Знаете ли вы, как прекрасен во все времена года предгорный, рукотворный, царственный парк в Нальчике? С ампирными беседками сталинской имперской поры, с вековыми деревьями в перспективах аллей.

И гулять можно было бесстрашно. И у входа жарились шашлыки по рублю за порцию.
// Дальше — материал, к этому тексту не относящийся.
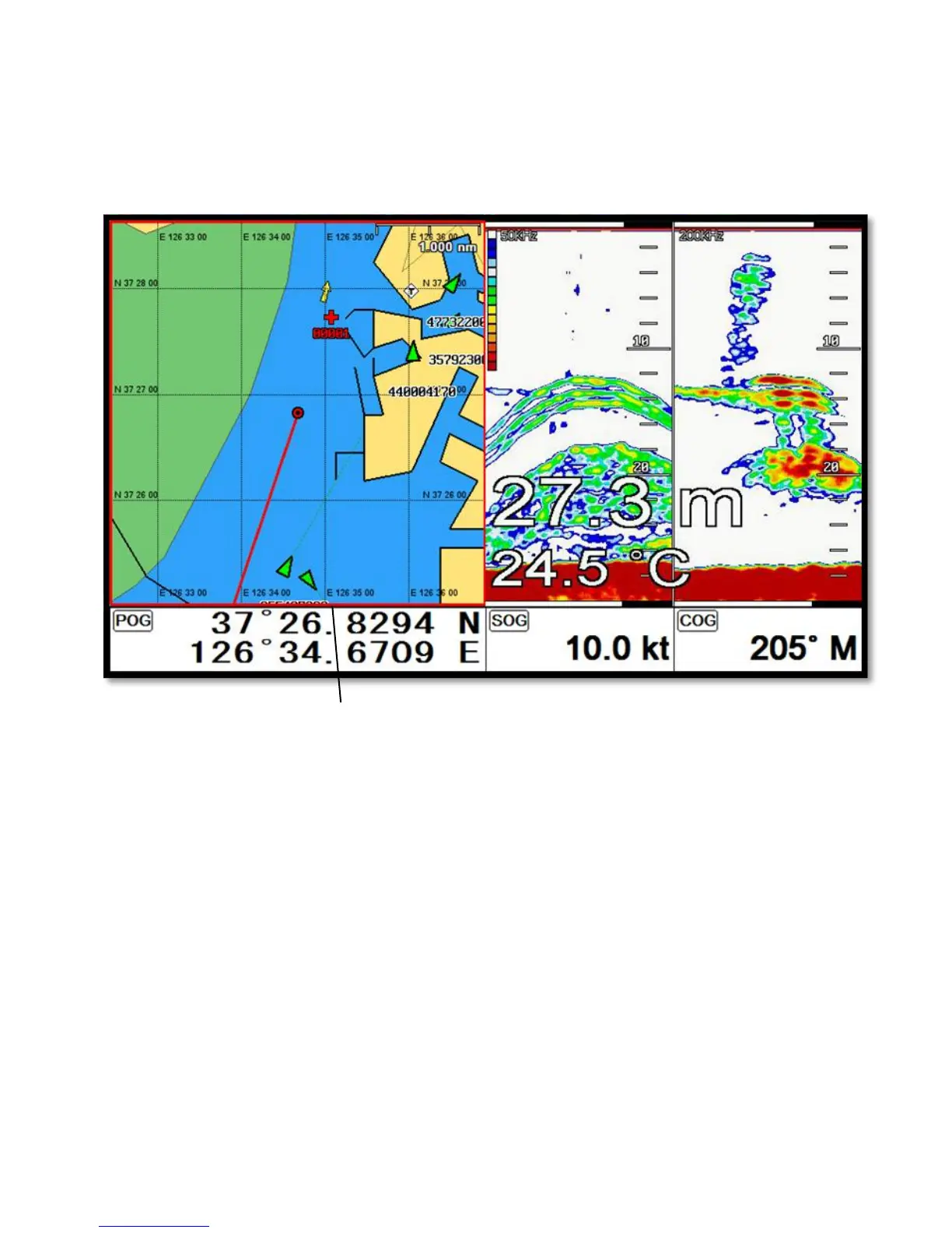 When pressing [ACTIVE], the red box moves to to chartplotter or fishfinder.

А в книжном угловом магазине я купила первую книгу Андрея Битова и разных прочих шведов. Купила «Земное небо» Юрия Левитанского, поняла, что именно он «мой поэт», разыскала его потом в Москве.

Именно он сказал мне, семнадцатилетней, фразу, которая помогала мне потом преодолевать ледяные торосы на литературном, так сказать, поприще: «Очень многие сейчас пишут стихи. Но вам я говорю впервые: вы можете продолжать это странное занятие».
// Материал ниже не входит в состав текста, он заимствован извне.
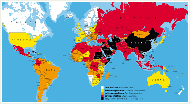 Scandinavia and northern Europe stand out as the frontrunners in this 2013 map, which shows respect for media freedom. We'd certainly like to see some more white on this one in years to come!
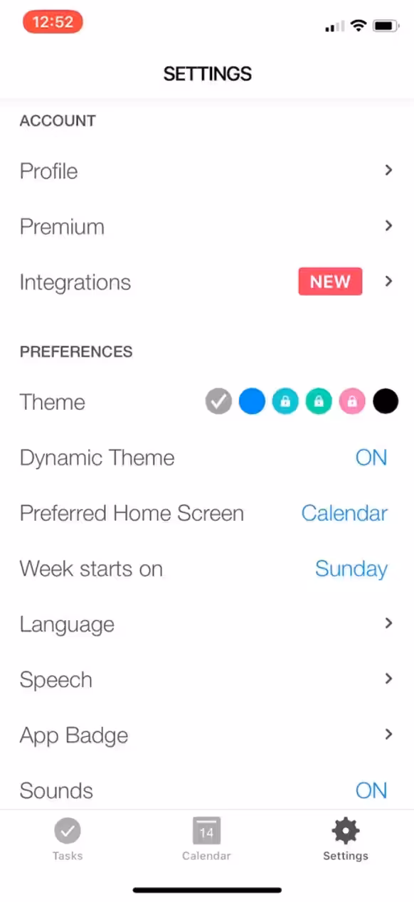 Приложение Any.do позволяло настроить визуальный дизайн в разделе «Настройки» и не предлагало пользователям выбрать цветовую схему при первом запуске.
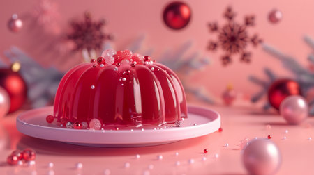 A glistening red jelly dessert topped with berries and sprinkles, presented on a pink plate, surrounded by festive Christmas ornaments.

Странное это занятие поглотило меня полностью и определило все мои устремления с четырнадцати лет.

Уже тогда «Золотая роза» Паустовского запустила свои волшебные шипы в самую сердцевину моей души. Описанное в книге состояние вдохновения и восторга я восприняла, как то единственное, к чему следует стремиться: парение души над миром.

Ушла с душою уязвленнойискать приюта во вселенной,в ночном саду нерукотворномокликнутая горним горном.И ей, ветрами уносимой,был явлен выход столь простой:полёт души неуязвимойнад беспросветной суетой.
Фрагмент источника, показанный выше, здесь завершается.